For those Republicans who fear a similar impact to their political careers as Barry Goldwater suffered in 1964, I hope, though without much optimism, that they will remind themselves of the success of Ronald Reagan who knew how to make conservative policy a political asset. As a wise friend put it, “If chicken Republican pols have learned nothing from their party’s history of the last half-century they’re not likely to have much of history in the coming half-century.

It may well be that the political situation requires “putting revenue on the table.” The source of that revenue should be pro-growth tax reform which, as Cato Institute economist Dan Mitchell has shown repeatedly, can be a panacea to our fiscal ills if combined with restraining the growth of government.

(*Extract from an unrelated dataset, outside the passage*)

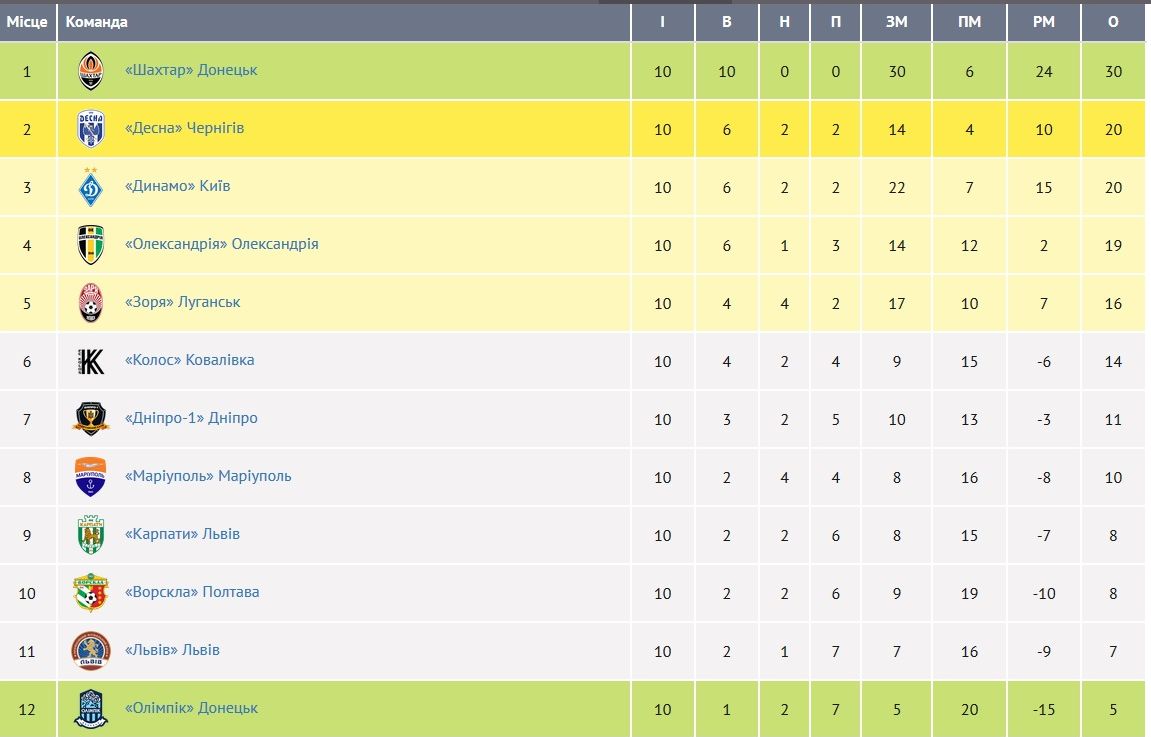Турнирная таблица чемпионата Украины после 10-ти туров

But given the likelihood that Republicans will indeed cave in to media-magnified pressure to make a deal, any deal, just for the sake of a deal, they should at least negotiate real, immediate, and substantial cuts to the cost and growth of entitlement programs. The nation can no longer afford politicians whose role model seems not to be Barry Goldwater but rather Wimpy, of Popeye cartoon fame, who suckered his friends repeatedly with the promise “I will gladly pay you Tuesday for a hamburger today.”

If I may close with one last quote, this from the late columnist Robert Novak: “God put the Republican Party on earth to cut taxes. If they don’t do that, they have no useful function.” Thank goodness we have Grover Norquist keeping many Republican politicians focused on doing the right things. No doubt his effectiveness in doing so — or embarrassing those who stray — is precisely why Democrats and RINOs alike are demonizing him daily.